Task goal –
Return the full listing character for character, without its pictures.

Given data –
+ + +
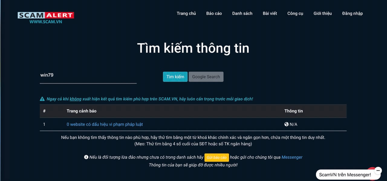 Chúng tôi đã tự kiểm chứng chất lượng của Win79 trên Scam.vn, kết quả là không có báo cáo nào lừa đảo về game bài này.
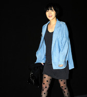 2012.04.03 11: 07에이미,'도트 스타킹에 데님 자켓으로 매치'
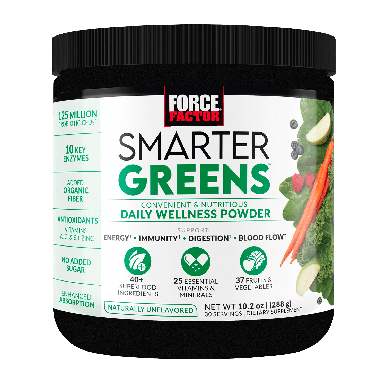 Force Factor Smarter Greens Daily Wellness Greens Powder, Superfood Greens Supplement, 30 Servings
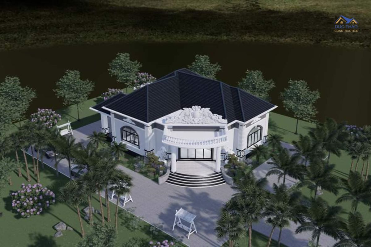 Căn biệt thự mang vẻ đẹp trang nhã, kiên cố và vững chãi nhờ vào hệ thống trụ cột khỏe khoắn cùng hệ mái thái. Cửa kính trong suốt kết hợp khung nhôm xingfa gợi lên cảm giác gần gũi, hài hòa cùng với thiên nhiên. Cảnh quan sân vườn thoáng mát đã giúp không gian sống luôn trong lành và mát mẻ. Từ đó đem đến bầu không khí tươi mới cho tất cả các thành viên trong gia đình khi sinh sống tại đây.
+ + +
Answer box –
 Chúng tôi đã tự kiểm chứng chất lượng của Win79 trên Scam.vn, kết quả là không có báo cáo nào lừa đảo về game bài này.
 2012.04.03 11: 07에이미,'도트 스타킹에 데님 자켓으로 매치'
 Force Factor Smarter Greens Daily Wellness Greens Powder, Superfood Greens Supplement, 30 Servings
 Căn biệt thự mang vẻ đẹp trang nhã, kiên cố và vững chãi nhờ vào hệ thống trụ cột khỏe khoắn cùng hệ mái thái. Cửa kính trong suốt kết hợp khung nhôm xingfa gợi lên cảm giác gần gũi, hài hòa cùng với thiên nhiên. Cảnh quan sân vườn thoáng mát đã giúp không gian sống luôn trong lành và mát mẻ. Từ đó đem đến bầu không khí tươi mới cho tất cả các thành viên trong gia đình khi sinh sống tại đây.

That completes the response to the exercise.